This is WONDERFUL because "fallout" waste is almost nil!


----------



## HoosierShadow

We needed an outside hay feeder in a hurry...so my husband put something together with scrap wood we had laying around :laugh:



















Not 'attractive' haha...but it works great! He used a pallet, split it in half at the top and middle, then used boards across the sides to make it 'V' shaped, OSB in the middle to hold the hay.

The only problem is we have to take the hay out when it rains. BUT eventually we'll make a better hay feeder like this with some kind of rain cover.


----------



## RMADairyGoats

I have one I made myself, but I don't think you want a pic of that  It feeds the goats, but It's NOT eye candy!


----------



## J.O.Y. Farm

I don't care what it looks like! LOL! just as long as I can feed them!


----------



## RMADairyGoats

I'm embarrassed to post a picture of it!


----------



## J.O.Y. Farm

LOL! well you should see one of my hay bags that I am using now!


----------



## aussieheelr

I built this one from a futon frame.


----------



## HoosierShadow

Lost Prairie said:


> I'm embarrassed to post a picture of it!


It is probably very comparable to the ones I have in the stalls...LOL!!!
In one stall it's a baby crib side railing my husband took the wooden bars off and nailed them to make the slots smaller so goats don't get their heads stuck....it's hideous...but has lasted 2 years somehow LOL!!!
We've moved it since we redid the inside of the barn, but here it is in all it's glory...lol









In the middle stall, I have a great big rubbermaid plastic tote nailed to the wall. I have 2 of the black feed trough's from TSC that have the metal bars that divide it into 5 sections, and took those off of them, tied one on top of the other, and tied them to the tote so they can't pull all the hay out, and that was supposed to be temporary...I've been using it for almost a year now...LOL

Minus the black wire that they destroyed :laugh: 









We found another pallet that had decently seperated boards, and cut it in half, and took some of the boards off on one side, then mounted them in the sleeping area. This one is up pretty high, in the creep area and the doelings stand on cinder blocks and have to reach to get it - which is what I wanted so they are stretching their leg/butt muscles










We used to do this with round rolls...you just have to make sure the pallet wood spacing isn't wide enough for a kid to get their head stuck.


----------



## RMADairyGoats

They're still better looking than mine


----------



## HoosierShadow

LOL Riley! 

The woman we bought our 2 new doelings from had some kind of large basket type feeders that were hung from the ceiling with chain. They kind of looked like goat panels or something, with small squares, this actually looked great, and I wish I had a way to make something like that, but no place to build something like that in our barn.


----------



## J.O.Y. Farm

I ended up using some fencing on the wall.......

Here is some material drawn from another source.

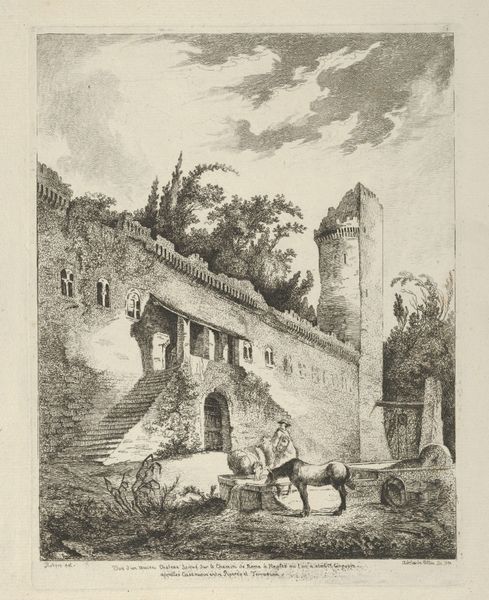 Curator: Up next, we have "View of an Italian Villa," an etching by Herman van Swanevelt. It’s a captivating landscape scene, isn't it? Editor: It really is. At first glance, I feel a sense of stillness. Despite the intricate details, the etching evokes a quiet, almost melancholic atmosphere. It makes me want to stop and enjoy that view, the slow pace, you know? Curator: Exactly. Swanevelt, known for his Baroque landscapes, had this incredible way of idealizing nature. The way he positions that villa, slightly elevated, almost regal, shows this perfect blend of man and nature, echoing a classical harmony. There is so much symbolism to be explored in such image. Editor: Yes, symbols speak quietly. It looks to me like there are some figures seated on a rise to the left. And the people by the gate. Are they embracing some story? Is there an event taking place that is just outside our view? I read the chimney pots rising above the villa like silent sentinels of domesticity. What were they "burning" so many years ago, what is it that warmed their hearths? They strike me as totems. Curator: That's lovely! What’s fascinating is how he balances realism with a kind of idealized pastoral world. He transforms a simple villa scene into something almost mythological, perhaps tapping into some kind of yearning for an Arcadia. Editor: The lines create an intricate visual dance. They emphasize light and shadow. This interplay lends the print this real textural quality that seems almost tactile. Swanevelt's attention to the natural world brings depth to a scene that, without it, may seem ordinary. His style creates atmosphere from such stark monochrome. The figures become almost a symbolic representation of everyday, grounding us in this almost mythical space you describe. Curator: That’s so true; that grounding effect invites viewers to become part of the idyllic vision, not just observers, placing you into a timeless representation. It's like stepping into a memory. Editor: Precisely. Thank you for guiding my perspective on what can easily be dismissed as a standard drawing of landscape. Now, I sense there’s a layered narrative here – of time, place, memory and simple life that Swanevelt has gracefully embedded into the seemingly mundane. Curator: And that's the charm of his work, I believe; capturing the ordinary and elevating it into a little window to eternity, or maybe just, for the simple beauty of things.
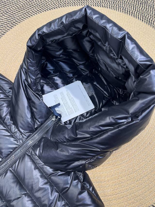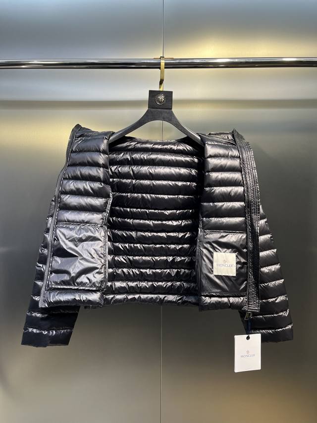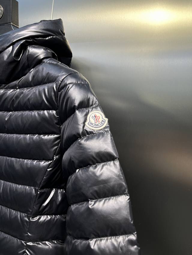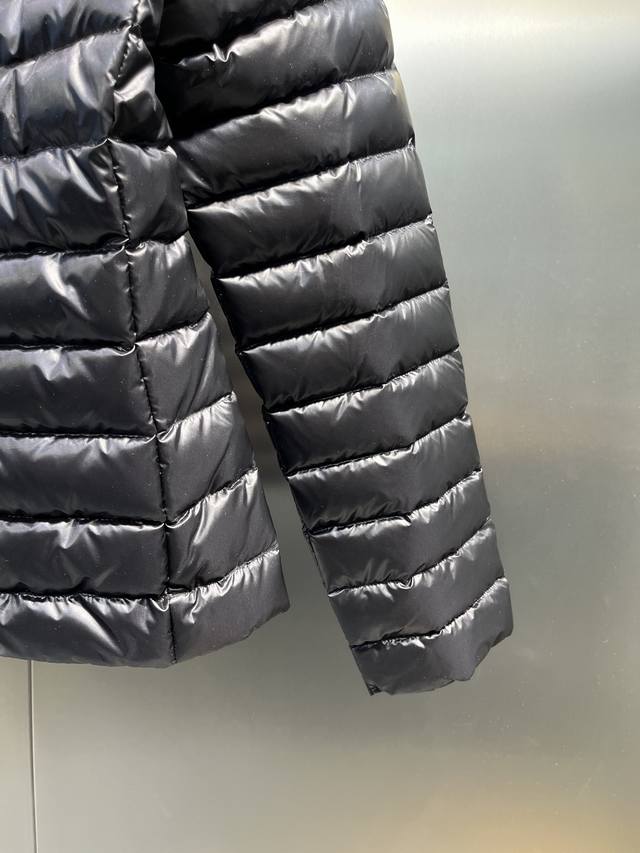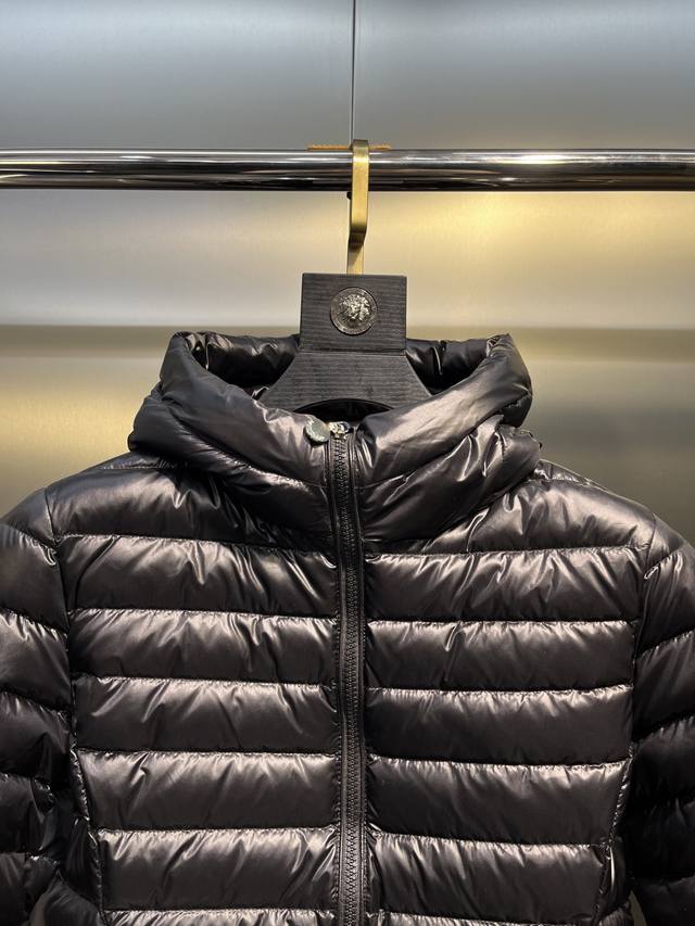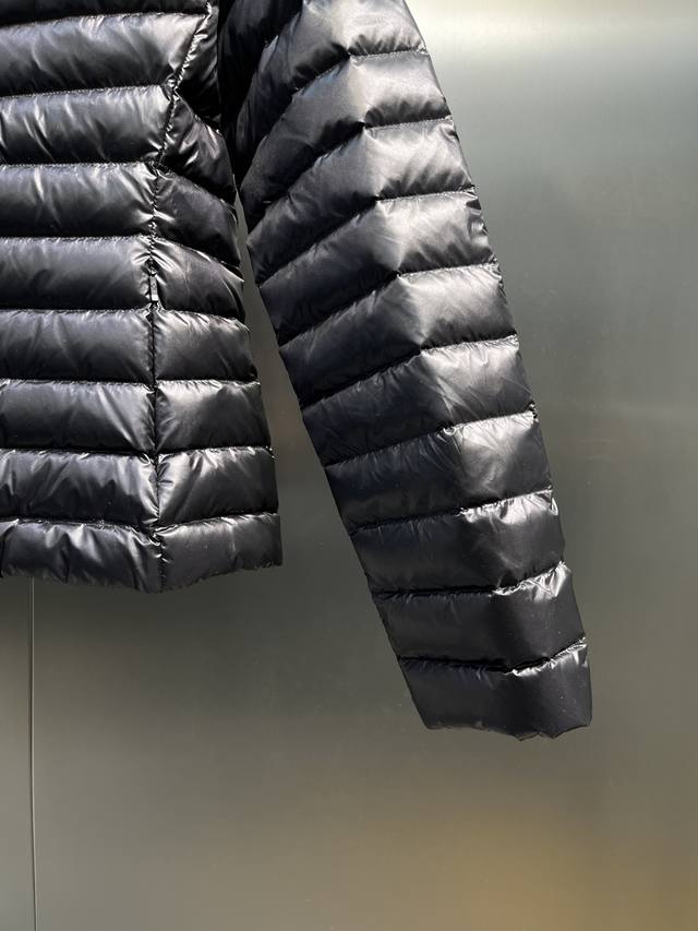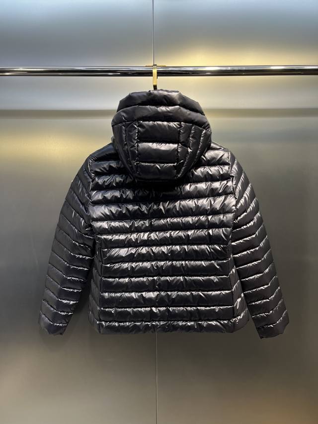 Leg Down Jacket Made of Longue Saison Fabric, Perfect for Mild Weather. This nylon fabric provides warmth without the bulk. The cropped design features a classic hooded silhouette with a nipped waist for a smooth, feminine look.

A friend of ours uses cattle panels that hanging from the rafters.... works great! Wish I could do somethinh like it!


----------



## J.O.Y. Farm

[attachment=0:1czb084z]hay feeder 001.JPG[/attachment:1czb084z]


----------



## mmiller

I made a hayfeeder yesterday. How I found the time is beyond me with having a sick goat. I will take pics today an put it up. I took my extra fence an tied it to the panels and then shoved hay in it works great.


----------



## mmiller

Here it is...


----------



## Utterly Blessed Farm

Hey M ~ That is very nice  Any update on your sick goat? ray: Sending prayers your way.


----------



## mmiller

She isn't better or worse. She isn't bobbing her head anymore. Got home on lunch she was down I thought well I tried it over there an she's fine so to speak. Go in the house to get meds ready an eat a bit come out she's on her feet again. Won't know anything untill 430 when I get off work.


----------



## Utterly Blessed Farm

Well I am just wrapping you both in prayer today. If it is the Lord's will she will be fine so let's hope that is his will. ray: :hug:


----------



## mmiller

Thanks Chris. I have been praying the samething that if she doesn't make it that I will accept it was his will. Sounds petty but I am a firm believer that everything happens according to his will no matter how small it may seem to us.


----------



## Rev144

We made these feeders out of 55 gal plastic drums with removable lids. We had smaller key hole ( aobut 4 inches wide ) on them but one of my sheep stuck their fat head in it and was walking aorund 1/2 the day with a barrel on her head! I have to keep the barrels tied to the fence so the goats dont move them around. I take the lid off to clean out stems. It also has drain holes in the bottom. It works pretty good at keeping the rain out. They are easy to move from pen to pen if needed.


----------



## bessmiller

This thread is so inspiring! I made a hay feeder when I first bought my goats a couple years ago. I think I put waaaay too much time into it, lol. This design won't work well with our new fencing, but it did work great with the wooden horse fence at my parent's house. 

I am going to try out some of your ideas!


----------